24 Want Hij heeft niet veracht, noch verfoeid de verdrukking des verdrukten, noch Zijn aangezicht voor hem verborgen; maar Hij heeft gehoord, als die tot Hem riep.
"Want nimmer heeft Hij versmaad of veracht De ellende van den verdrukte; Zijn aanschijn voor hem niet verborgen, Maar hem verhoord, als hij Hem riep!"
25 Van U zal mijn lof zijn in een grote gemeente; ik zal mijn geloften betalen in tegenwoordigheid dergenen, die Hem vrezen.
Dit zal mijn danklied voor U zijn In de grote gemeente! Dan zal ik ook mijn belofte vervullen Aan hen, die Hem vrezen:
26 De zachtmoedigen zullen eten en verzadigd worden; zij zullen den HEERE prijzen, die Hem zoeken; ulieder hart zal in eeuwigheid leven.
De armen zullen eten, En worden verzadigd; Die Jahweh zoeken, zullen Hem loven.
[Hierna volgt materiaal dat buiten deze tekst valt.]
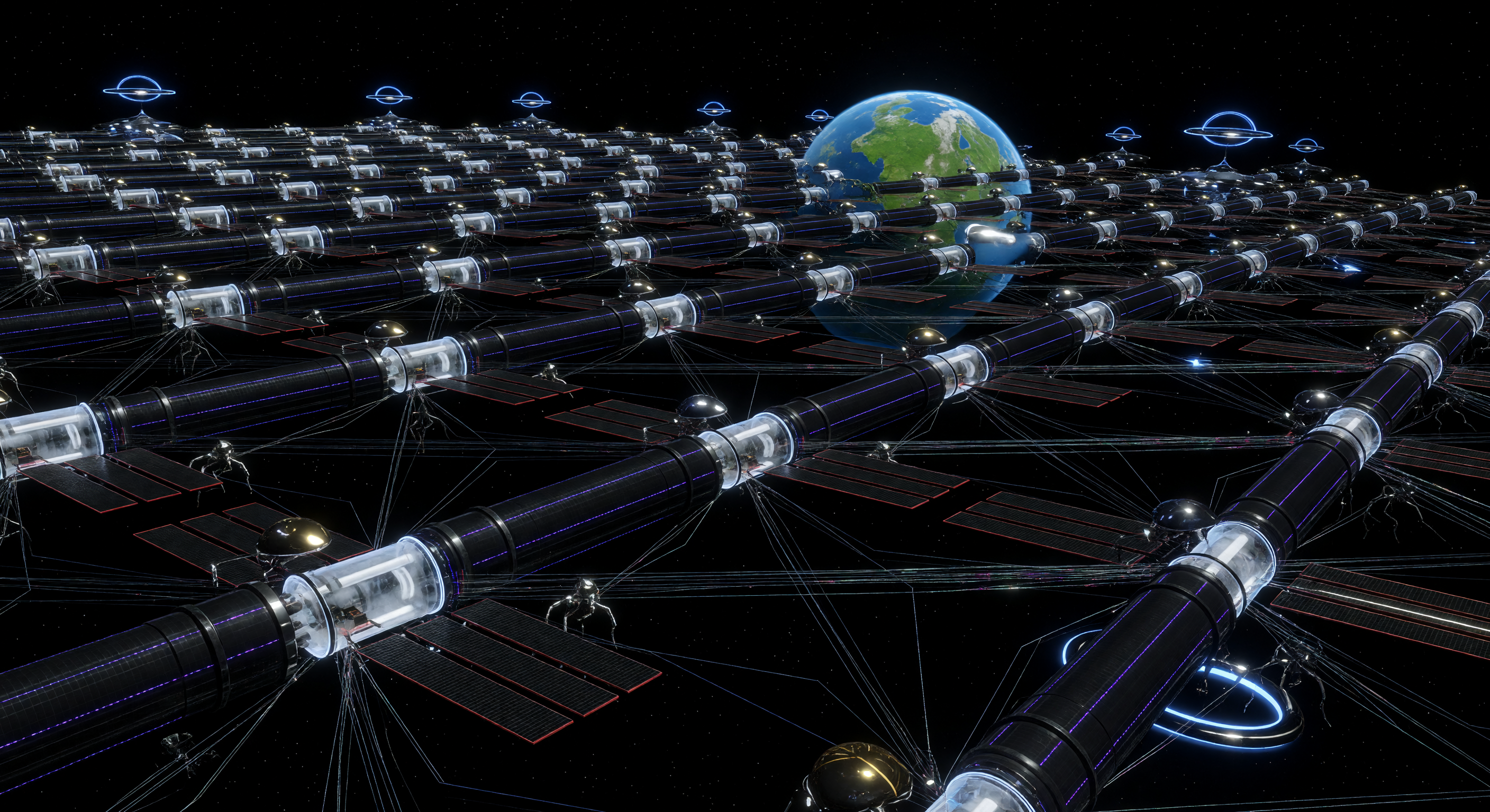 IMAGE: The image depicts a vast orbital lattice of cylindrical, glassy modules interconnected by glowing filaments against a black space backdrop, with a prominently lush green-and-blue Earth below, fitting the speculative 'Great Divergence' theme in Inventions & Technologies around 231 CE. Elements like modular nodes, solar-like panels, and nanotube-esque cabling are visually plausible for advanced orbital computing infrastructure, with no anachronisms (no archaic tech or clothing visible) and coherent scale/depth. The restored Earth landscape aligns thematically. Issues include prominent UFO-like ring halos (glowing circular auras around nodes) that appear decorative rather than functional, undermining scientific plausibility—they should be replaced with radiator fins, antennas, or thrusters. Glassy/transparent modules also evoke habitats more than cryogenic servers, slightly misaligning with cooling needs, but these are minor tweaks via prompt refinement.

En hun hart zal eeuwig worden verkwikt.
27 Alle einden der aarde zullen het gedenken, en zich tot den HEERE bekeren; en alle geslachten der heidenen zullen voor Uw aangezicht aanbidden.
Alle grenzen der aarde zullen het gedenken, En zich tot Jahweh bekeren, Alle stammen der heidenen Hem aanbidden!
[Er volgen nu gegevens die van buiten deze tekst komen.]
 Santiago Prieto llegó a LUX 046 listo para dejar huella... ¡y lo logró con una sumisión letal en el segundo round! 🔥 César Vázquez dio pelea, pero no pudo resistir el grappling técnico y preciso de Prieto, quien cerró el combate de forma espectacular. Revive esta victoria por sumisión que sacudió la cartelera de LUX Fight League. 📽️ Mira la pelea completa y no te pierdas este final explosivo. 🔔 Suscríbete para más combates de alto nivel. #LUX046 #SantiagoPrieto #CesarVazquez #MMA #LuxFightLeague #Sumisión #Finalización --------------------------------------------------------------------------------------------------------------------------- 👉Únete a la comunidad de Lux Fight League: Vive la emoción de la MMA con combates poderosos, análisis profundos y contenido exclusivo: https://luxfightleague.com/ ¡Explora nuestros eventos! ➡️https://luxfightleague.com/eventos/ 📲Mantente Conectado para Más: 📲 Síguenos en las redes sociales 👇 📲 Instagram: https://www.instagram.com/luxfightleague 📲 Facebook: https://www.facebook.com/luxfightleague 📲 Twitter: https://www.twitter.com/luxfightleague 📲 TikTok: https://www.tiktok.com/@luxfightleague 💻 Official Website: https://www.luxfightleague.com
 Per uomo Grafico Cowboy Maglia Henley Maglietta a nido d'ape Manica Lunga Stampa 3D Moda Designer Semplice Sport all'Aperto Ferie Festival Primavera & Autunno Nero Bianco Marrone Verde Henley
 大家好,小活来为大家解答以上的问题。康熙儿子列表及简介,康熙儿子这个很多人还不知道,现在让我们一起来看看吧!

28 Want het koninkrijk is des HEEREN, en Hij heerst onder de heidenen.
Want Jahweh komt het koningschap toe, Hij is de Heerser der volken;
29 Alle vetten op aarde zullen eten, en aanbidden; allen, die in het stof nederdalen, zullen voor Zijn aangezicht nederbukken; en die zijn ziel bij het leven niet kan houden.
Hem alleen moeten huldigen alle machten der aarde! Dan buigen zich ook voor Hem neer, die in het stof zijn gezonken, En geen leven meer hebben.
30 Het zaad zal Hem dienen; het zal den HEERE aangeschreven worden tot in geslachten.
Dan zal ook mijn zaad Hem dienen, En van den Heer gaan vertellen aan het volgend geslacht,
31 Zij zullen aankomen, en Zijn gerechtigheid verkondigen den volke, dat geboren wordt, omdat Hij het gedaan heeft.
Zijn goedheid verhalen aan het volk, dat nog geboren moet worden: Dat het Jahweh was, die het volbracht!